『演技と身体』Vol.3 ”人間的”なるものを越え出る
”人間的”なるものを越え出る
曖昧な”人間的”範囲
具体的な身体の使い方の話に入る前に哲学的な思索を一度挟んでおこう。
演技を通じて表現しようとするものは総じて”人間的”なものの範疇だろう。人間的な感情、人間的な業・罪などなど。しかし、この”人間的”の範囲について考えてみると案外曖昧なもの(というか恣意的なもの)である。
白人を中心(人間)として有色人種を奴隷(非人間)としたり、ゲルマン民族を中心としてユダヤ人などを迫害したり、人類にはこの”人間的”という範囲を巡る暗い歴史がある。つまり、”人間的”という枠組みには常に中心と周辺があり、人々はしばしその周辺に追いやられた人たちを人間扱いせずにきたのだ。
こうした傾向は現在もなくなってはいない。サナウス・テイラー『荷を引く獣たち:動物の解放と障害者の解放』では、障害者たちが健常者中心主義によっていかに動物化されてきたかが語られている。

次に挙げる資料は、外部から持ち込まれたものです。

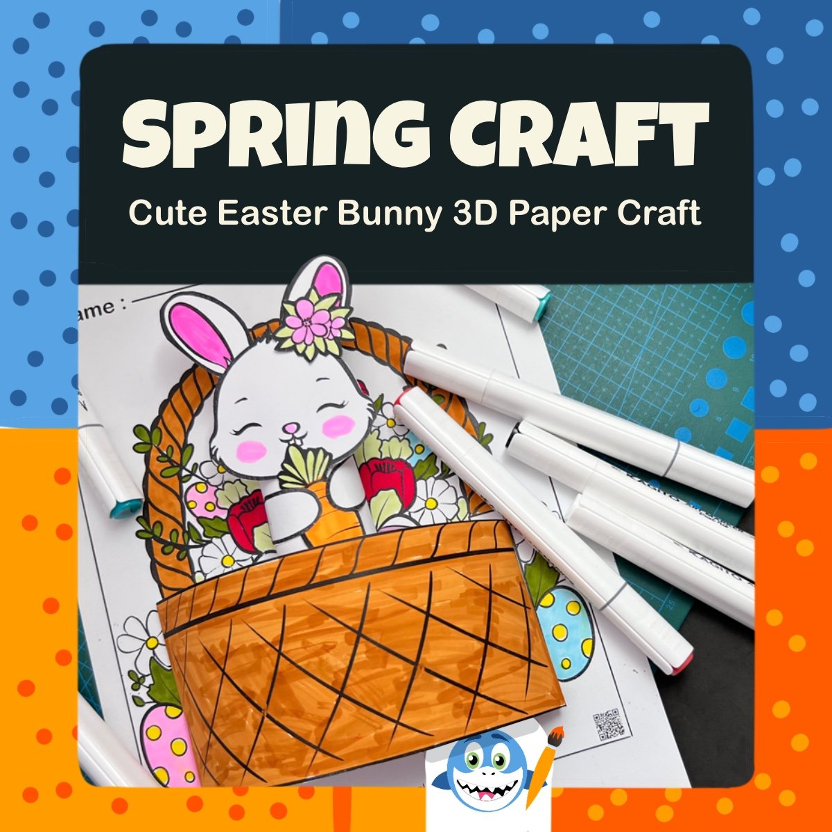 Celebrate spring and Easter with this adorable 3D paper craft featuring a cute bunny popping out of an egg-filled basket! This hands-on activity is perfect for preschool and elementary kids to color, cut, and glue — building fine motor skills while having fun.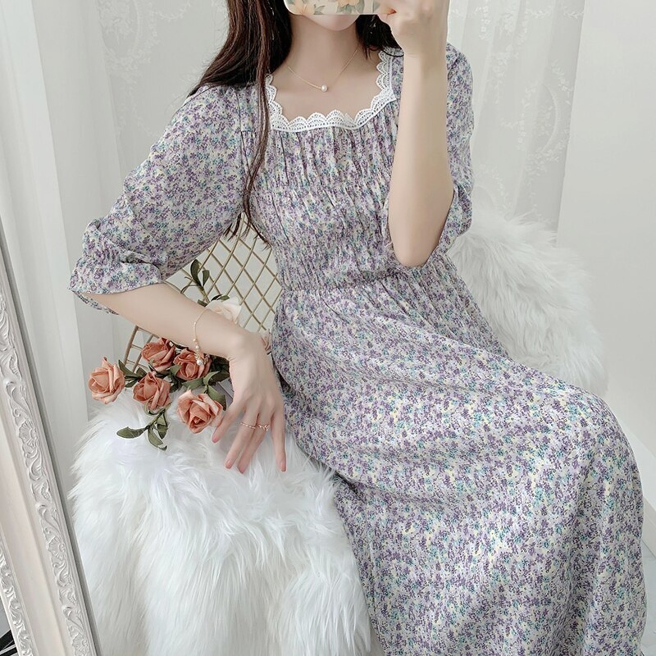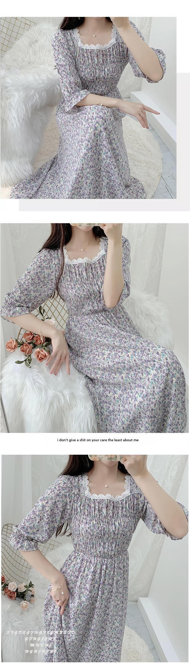 送料無料୨♥୧ サマーレディースドレス カラーレースフローラルプリント半袖スリーブシフォン ハーフスリーブ 夏物 花柄 パープル スクウェア AOS58392903759

我々が作品を作る時には、意識的にであれ無意識にであれ、こうした”人間的”なるものへの立場が問われる。そして、当然ながらアーティストとして、”人間的”であることの意味を常に揺るがせなければならない。それが芸術の役割だからだ。
”人間的”なるものの拡大
さて、この”人間的”という考えと向き合ってきたのが人類学だ。面白いことに近年人類学では「人間的なるものを越え出る」という考えが出てきている。こうした考えは人類学的知見がアニミズムに触れる中で、人間を中心から考えるのではなく、辺縁から考えるようになった中で生まれた考えだ。人間と非人間の境界に立つとそこに画定的な線は存在せず、あらゆる動物・物質にさえ人格を認めうることが理解される。
レーン・ウィラースレフ『ソウル・ハンターズ シベリア・ユカギールのアニミズムの人類学』には、シベリアの狩猟民・ユカギール人たちが森に入る時にエルク(鹿の一種)になる様子が描かれている。これは必ずしも比喩ではない。彼らは狩猟に出る時、エルクの毛皮をまとい、エルクの足音・鳴き声を真似し、エルクの思考を辿る。
これは何を示唆しているだろうか。僕の考えはこうだ。
”人間的”であるということは”動物的・植物的”であるということを含むべきだ。
人間を動物・植物との対比で考えるのではなく、人間の中にある動物性・植物性を見つめるのだ。人間を捉えるのに、従来の意味での”人間的”という枠組みでは狭すぎる。
動物性は人間性の土台である
人間的特質はその土台に動物的・植物的な特質を備えている。しかし、普通考えられている”人間的”なものはその土台を無視した表層的なものに見える。
解剖学者の三木成夫は、人体を生命の進化的な時間を含むものとして捉え、身体を植物由来の内臓系と動物由来の体壁系の二重構造から成ると考えた。
言われてみれば人の血管の行き渡る様子は植物そのものであるし、筋肉や脳が動物的であることは言うまでもない。
身体の構造の観点から言えば、人間に特有に発達しているのは大脳の新皮質と呼ばれる部分である。この大脳新皮質の働きのおかげで複雑な感情や思考が可能となる。しかし、この新皮質もその他動物由来の脳に上から覆いかぶさっているのであり、構造的にもその土台となっている”動物的”な脳の活動に支えられていると見るべきである。
さて、こうした観点を演技論に持ち込むなら、人間特有の複雑な感情だけを問題にしているのでは、表面的で不十分だという考えに至る。
今後、身体の在り方を考えていく上で、”人間的なるものを越え出る”意識が欠かせない。動物的、植物的な領域にまで潜って、そこから出発して身体や感情を捉え直すべきだ。犬や猿をも感動させるような演技をしなければ嘘である。